A heterogeneous bead-shaped biocatalyst was prepared by assembling co-immobilization of encapsulating mediator 2,2′-Azino-bis-(3-ethylbenzthiazoline-6-sulphonate) (ABTS) into the functionalized calcium alginate composite beads by grafting glycidyl methacrylate and dopamine and then immobilizing laccase covalently onto beads. The enzyme-catalyzed degradation for acridine in water was systematically studied for the first time, and it was found that the co-immobilized laccase-mediator system has excellent capability to degrade acridine in water. Treating 30 mg/L acridine aqueous solution for 8 h with the biocatalyst, the degradation rate of acridine reached 100 %. In contrast, the degradation of acridine by free laccase under the same treatment conditions was low and difficult to observe. Its outstanding catalytic activity could be attributed to the effective assembling co-immobilization of laccase and the mediator so that the catalytic activity of the enzyme and the synergistic promoting action of the mediator have been given full play in the process of acridine degradation. The beaded biocatalyst about 3 mm in diameter could be easily recovered and reused several times without obvious deterioration in catalytic activity. Furthermore, according to the test results of electron paramagnetic resonance and the identified intermediates, the possible biocatalytic mechanism and reaction pathways for acridine degradation have been proposed.

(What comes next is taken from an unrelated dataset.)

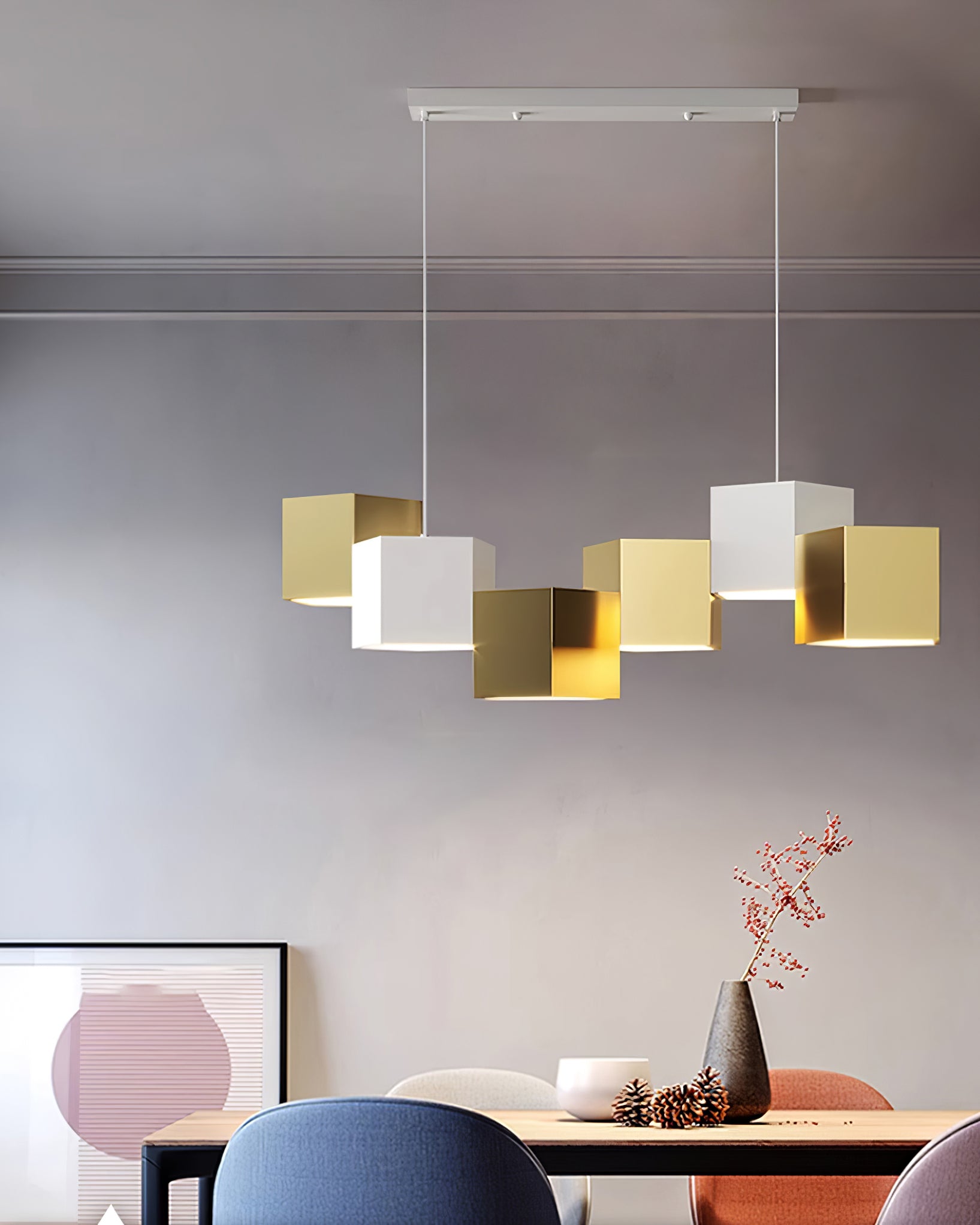 Magic Cube -riippuvalaisin on moderni, minimalistinen ja hienostunut valaistusratkaisu kodin sisustukseen. Siinä on rohkea geometrinen muoto, joka korostaa ja korostaa mitä tahansa asuintilaa ja tuo kotiisi taiteellisuuden ja hienostuneisuuden tunteen. Valaisin luo ylellisen tunnelman elegantilla ja tyylikkäällä muotoilullaan, mikä tekee kodistasi tilan ylelliseen rentoutumiseen.

通过将甲基丙烯酸缩水甘油酯和多巴胺接枝，将包封介质2,2'-叠氮-双-（3-乙基苯并噻唑啉-6-磺酸盐）（ABTS）共固定到官能化的藻酸钙复合材料珠中，制备了非均相的珠状生物催化剂然后将漆酶共价固定在珠子上。首次系统地研究了酶催化的水中degradation啶的降解，发现共固定的漆酶-介体体系具有优异的降解水中a啶的能力。用生物催化剂处理30 mg / LL啶水溶液8 h，the啶的降解率达到100％。相反，在相同的处理条件下，游离漆酶对of啶的降解较低，难以观察到。其优异的催化活性可以归因于漆酶和介体的有效组装共固定化，从而在of啶的降解过程中充分发挥了酶的催化活性和介导的协同促进作用。直径约3 mm的珠状生物催化剂可以轻松回收并重复使用数次，而催化活性不会明显降低。此外，根据电子顺磁共振和鉴定出的中间体的测试结果，提出了可能的bio啶降解的生物催化机理和反应途径。